После «Товарищей по оружию», вещи, перенесшей тебя в иной горизонт, горизонт более глубокого залегания, чем все твое прежнее (кроме, м. б., рассказов и отдельных очерков), нельзя тебе появляться в этом перелицованном костюмчике, где при всей его отглаженности боковой кармашек все же перешел на правую сторону, — нельзя, не советую.

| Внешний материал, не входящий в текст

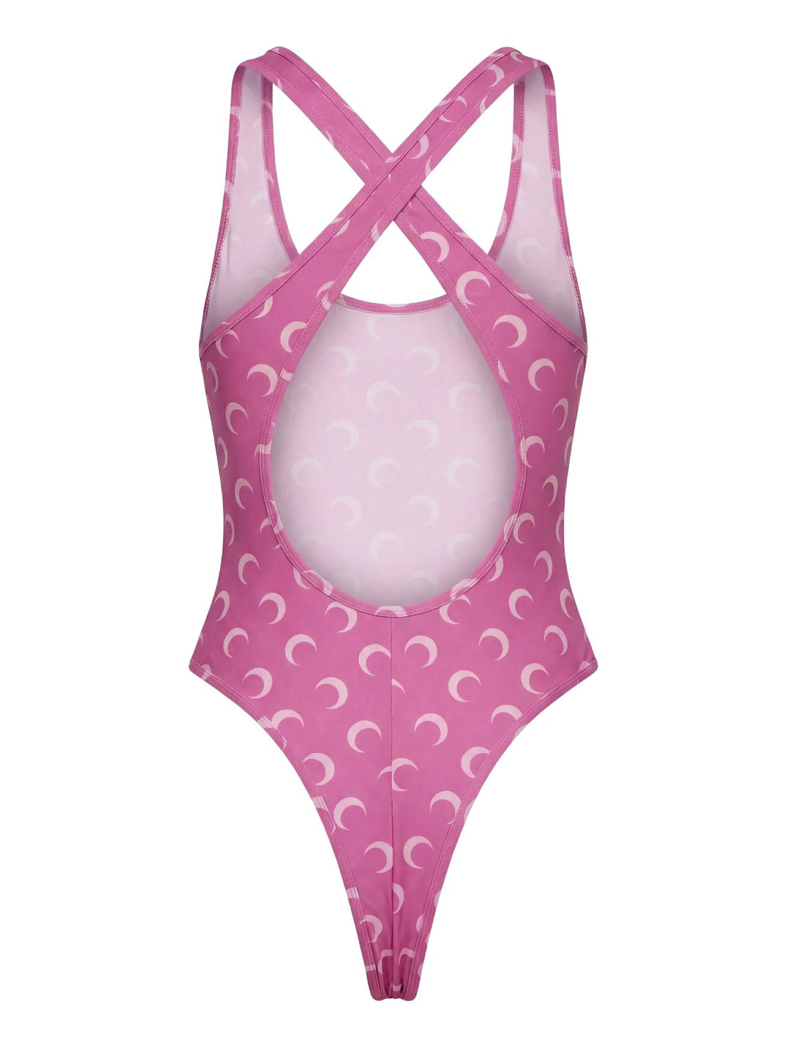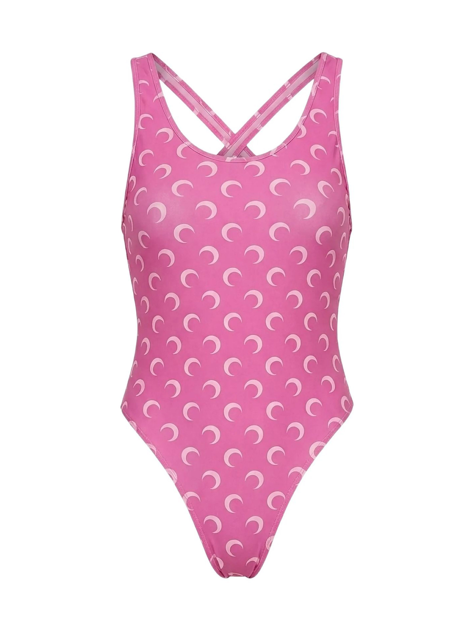 Second skin moon printed jersey one piece swimsuit with bralette design, High leg cut, Criss cross back, All over Moon print, Scoop neck, Stretch fabric
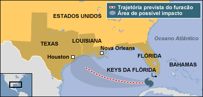 O furacão Rita, que atravessa o Golfo do México, aumentou de intensidade e chegou à categoria 5 (a mais alta da escala) com ventos de até 266 km por hora. Segundo as previsões, o furacão deve atingir até o fim da semana o Estado do Texas, mas ainda há uma possibilidade de atingir também a região da Louisiana, onde fica Nova Orleans, e o norte do México. Nesta quarta-feira, o prefeito da cidade de Houston, no Estado americano do Texas, Bill White, pediu que os moradores de áreas de baixada, vulneráveis a inundações, façam planos para deixar suas casas na manhã de quinta-feira, antes da possível chegada do furacão. Segundo White, pessoas que vivem em trailers devem abandoná-los porque eles não resistirão aos fortes ventos esperados no furacão, atualmente de cerca de 225 km/h. O presidente americano, George W. Bush, disse que os moradores de Nova Orleans e Galveston, no Texas, foram ordenados a sair de suas casas. "Eu peço aos cidadãos que ouçam cuidadosamenteas instruções das autoridades locais e estaduais e sigam-nas", disse Bush. "Nós esperamos e rezamos para que o Rita não seja uma tempestade devastadora. Mas temos que nos preparar para o pior", completou. O furacão Rita ganhou força no Golfo do México, depois de causar chuva forte no litoral de Cuba e no sul do Estado americano da Flórida. A Louisiana, bastante afetada pelo furacão Katrina, há cerca de três semanas, declarou estado de emergência. O furacão Rita é a 17ª tempestade da temporada de furacões no Atlântico, uma das mais movimentadas desde que os registros foram iniciados, em meados do século 19. A temporada se estende até o fim de novembro. Corte na produção Companhias de petróleo no sul dos Estados Unidos estão cortando a produção e evacuando suas plataformas de extração no Golfo do México por precaução antes da passagem do furacão Rita. Os temores pela passagem do novo furacão levaram a cotação do barril de petróleo a voltar a subir na quarta-feira, ultrapassando os US$ 67 no mercado asiático. O aumento do preço do barril ocorreu apesar da decisão da Opep (cartel dos exportadores de petróleo), na terça-feira, de aumentar sua produção diária em 2 milhões de barris para tentar conter as cotações. Os estragos causados pelo Katrina já haviam sido apontados como causa para que o preço do barril ultrapassasse os US$ 70 nos dias após a passagem do furacão.
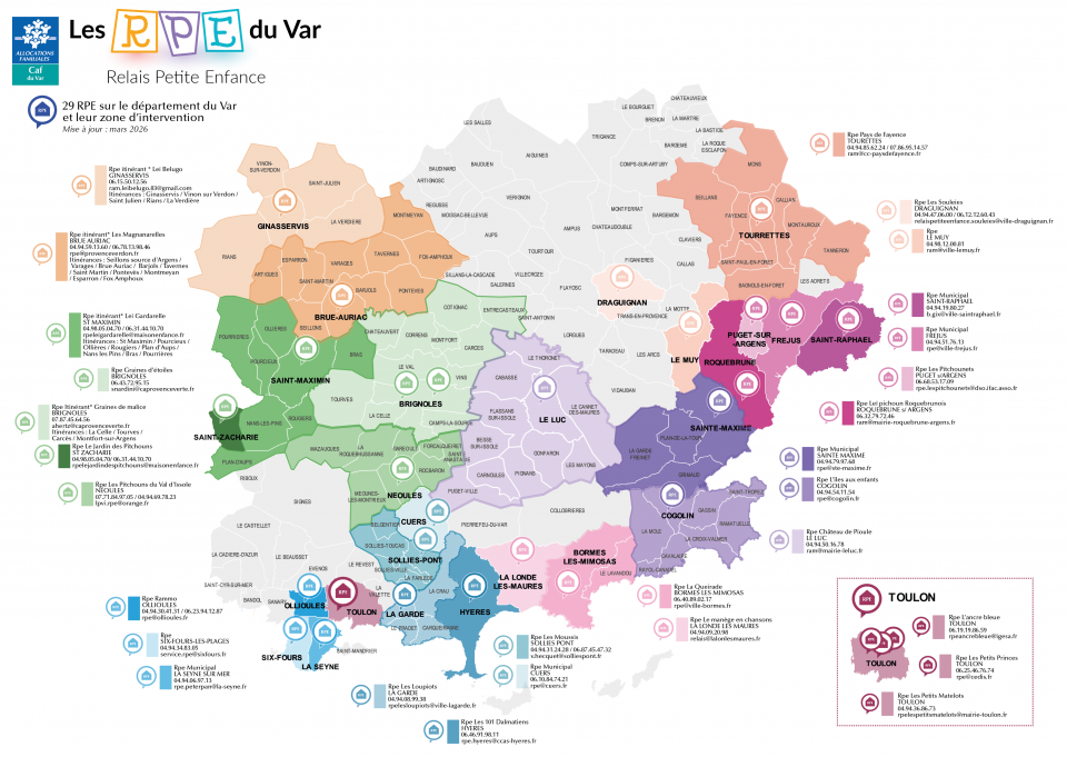 Vous pouvez consulter la liste des Relais Petite Enfance présents sur le département du Var sur le site monenfant.fr, ainsi que sur la cartographie.
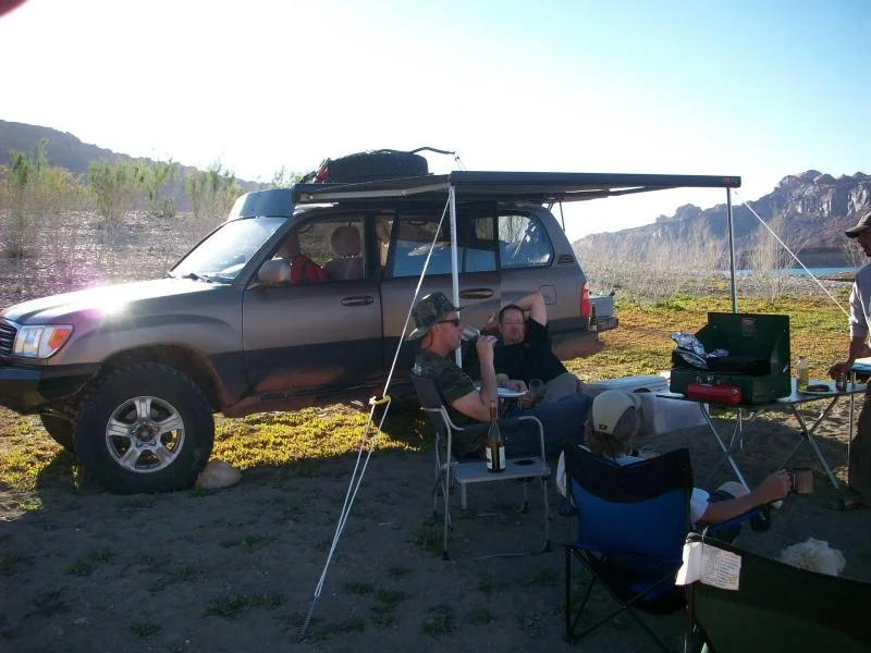 How has the Fiamma awning held up over the years for you? Would you recommend it?I bought a Fiamma 45 last year, mounted it to the Front Runner rack and use it all the time. Sometimes even during a trail-side lunch stop on a warm sunny day. The Fiamma is a little different in that it cranks out...like fully deployed in 30-seconds (a little longer if the wind is blowing and it needs to be guyed out...). So that adds to its usefulness for us.
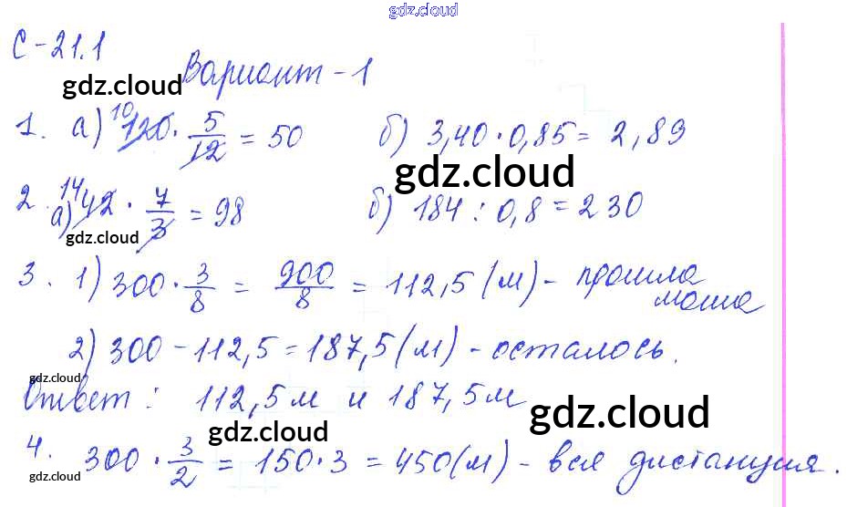 1. Варианты Ответы к СР-21 по Математике 6 класс Самостоятельные работы Зубарева УМК Мнемозина
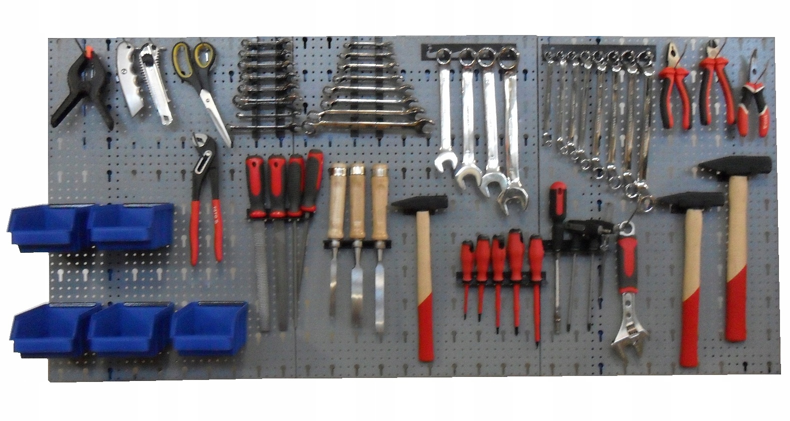 • 23 подвески, в том числе: 14 деталей из листового металла для рожковых ключей, молотков, напильников, долот, отверток, малых и больших накидных ключей, сверл, 9 частей проволоки: 3 длинных (110 мм, фи 4 мм), 3 средних (90 мм, диаметр 3 мм), 3 коротких (70 мм, диаметр 3 мм)
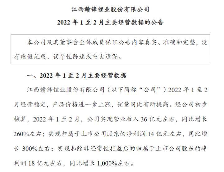 贛鋒鋰業(yè)關(guān)于1至2月主要經(jīng)營數(shù)據(jù)的公告;圖片來源:贛鋒鋰業(yè)公告截圖
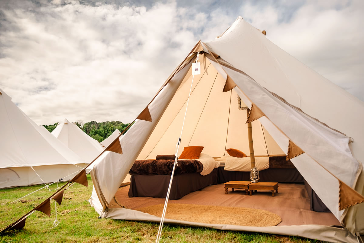 Premium Comfort – Our 65 luxury 5-m Bell Tents are fully furnished to offer an exceptional glamping experience. Each tent includes:
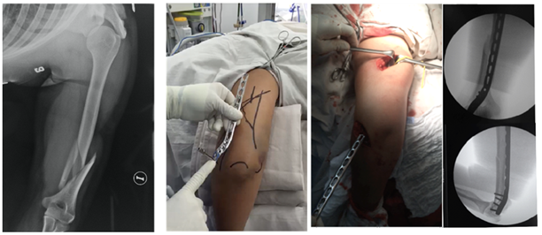 Surgical treatment for diaphyseal fractures of the distal humerus in its distal portion is the management standard5. Minimally invasive techniques have been gaining popularity, allowing the avoiding extensive dissection and disruption of vascularity and access to the fracture site, showing adequate functional outcomes.6–12

О многом еще я могу сказать при встрече, при беседе, но писать много мне некогда сейчас. Одно скажу, не вижу я истинно творческой необходимости этой переделки. Как это можно вдруг обратить внимание людей — читателей, зрителей — к этой «проблеме», минуя годы и потрясения, занимающие их (людей) души вчера и сегодня? Это — «профессиональное». Это вроде как бы «отдохнуть» от сложности и пр. Но в творчестве отдыха нет даже там, где создаются вещи для отдыха, для легкого потребления. Вот что, примерно, обязывает меня сказать тебе моя уверенность в тебе — писателе, обязанном к свершениям уже не ниже «Товарищей», не то что не ниже или не выше, а вернее, не жиже.

Твой А. Твардовский».

Истинно товарищеская строгость этого письма Твардовского, его настойчивое и терпеливое желание объяснить мне, почему он не только не может напечатать мою пьесу, но и почему я не должен стремиться к ее публикации в журнале, произвели на меня большое впечатление. Я еще не остыл от пьесы, перечитывая письмо Твардовского, вновь и вновь принимался мысленно спорить с ним то по одному, то по другому поводу, но конечная правота его выводов все‑таки переубедила меня.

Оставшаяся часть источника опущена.